Protests some better called riots have spread into their sixth day. Most shockingly, an Interior Ministry employee killed two U.S. servicemembers working in the ministry's Kabul headquarters, reportedly by shooting them in the head on Saturday with a silencer-equipped pistol. Pentagon press secretary George Little called the killings "murder."
The killings prompted Gen. John Allen, commander of U.S. troops in Afghanistan, to pull all U.S. military advisers out of Afghan government ministries in Kabul as a protective measure. Allen's subordinate commanders frequently tell reporters that U.S. and Afghan security forces work together intimately; the prompt removal of advisers indicates a distrust below the surface. Crocker told CNN on Sunday that he had issued a complementary order for U.S. diplomats.

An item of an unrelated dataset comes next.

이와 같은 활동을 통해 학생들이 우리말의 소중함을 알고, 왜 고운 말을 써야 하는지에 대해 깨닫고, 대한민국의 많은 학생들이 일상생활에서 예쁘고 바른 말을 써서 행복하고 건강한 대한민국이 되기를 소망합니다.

Associated Press Pentagon reporter Robert Burns tweeted on Sunday that the Pentagon has cancelled a visit from Afghan ministers scheduled for this week. President Hamid Karzai waited until the sixth day of riots to issue a call to avoid violence. Even so, on Sunday, a grenade thrown by protesters in northern Afghanistan wounded at least six U.S. troops.
U.S. and NATO officials told reporters at the Pentagon last week that the official inquiry into how U.S. troops at the Parwan prison on the outskirts of Bagram Air Base burned Korans would be completed before February ends. NATO is supposed to release a version of the inquiry's findings to the public. But it remains to be seen how an explanation can quell the violence. Officials from Allen to President Obama have apologized for what they say was an accidental incineration, and the riots have continued.

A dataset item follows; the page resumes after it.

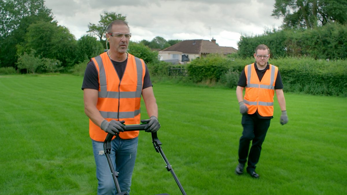 Paddy tests out a mower on a lawn and discovers the best height to cut the grass for good-looking stripes.
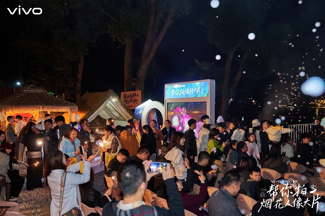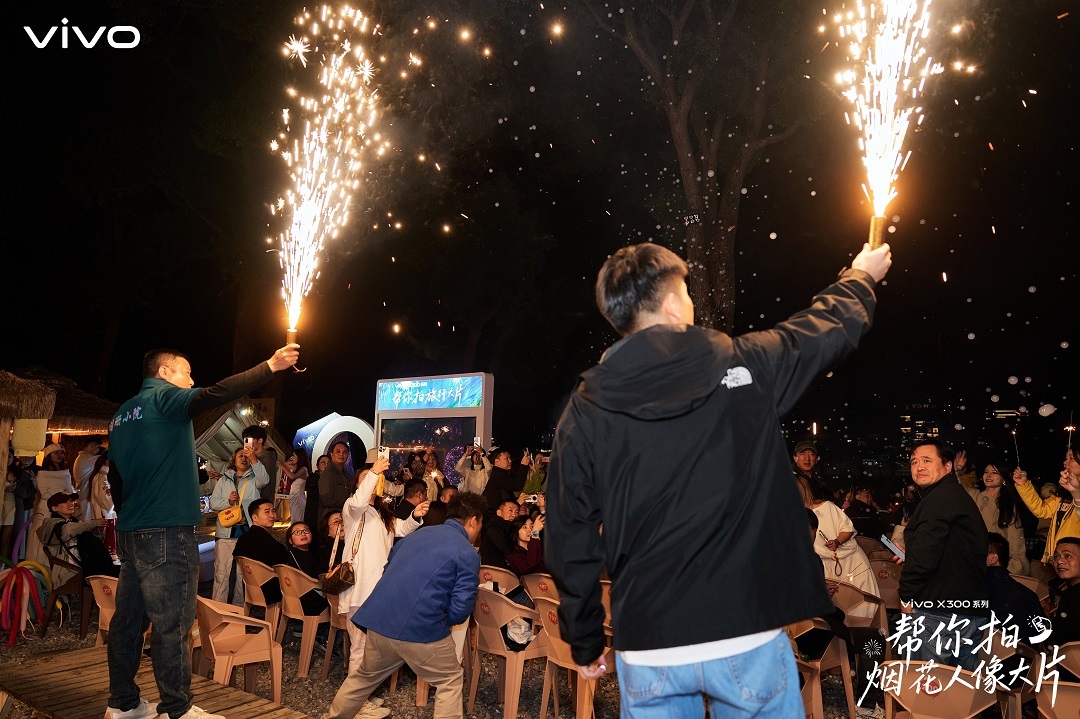活動現(xiàn)場特別設(shè)置了vivo X300系列真機體驗區(qū),由vivo官方攝影師現(xiàn)場指導(dǎo)拍攝技巧。參與者借助vivo X300的專業(yè)影像系統(tǒng),成功捕捉到六國團隊打造的創(chuàng)意焰火表演,記錄下無數(shù)煙花綻放的精彩瞬間。深受游客喜愛的“煙花人像”體驗區(qū),更是幫助參與者留下了與絢麗煙花同框的浪漫回憶。

Crocker didn't hold out hope for the inquiry to make a difference to the riots around Afghanistan. "At a certain point, it tapers off," he told CNN's Candy Crowley on Sunday, "and I think we're all hopeful that the appeal for calm that President Karzai made today and he did so with the backing of the entire political leadership of the country will create a condition in which this diminishes."
Stories have spread throughout the Pentagon though unconfirmed by any official that the burning occurred after U.S. troops slated library material at the Parwan detention center for destruction, to prevent detainees from passing each other messages. Allegedly, troops did not realize Korans were included in that material.
Clarity should occur this week. But any calming effect may not. "There is a sense that America is lurching from one image crisis to the next in Afghanistan," writes Reuters' Phil Stewart, "with no clear path for U.S. officials to defuse the latest uproar."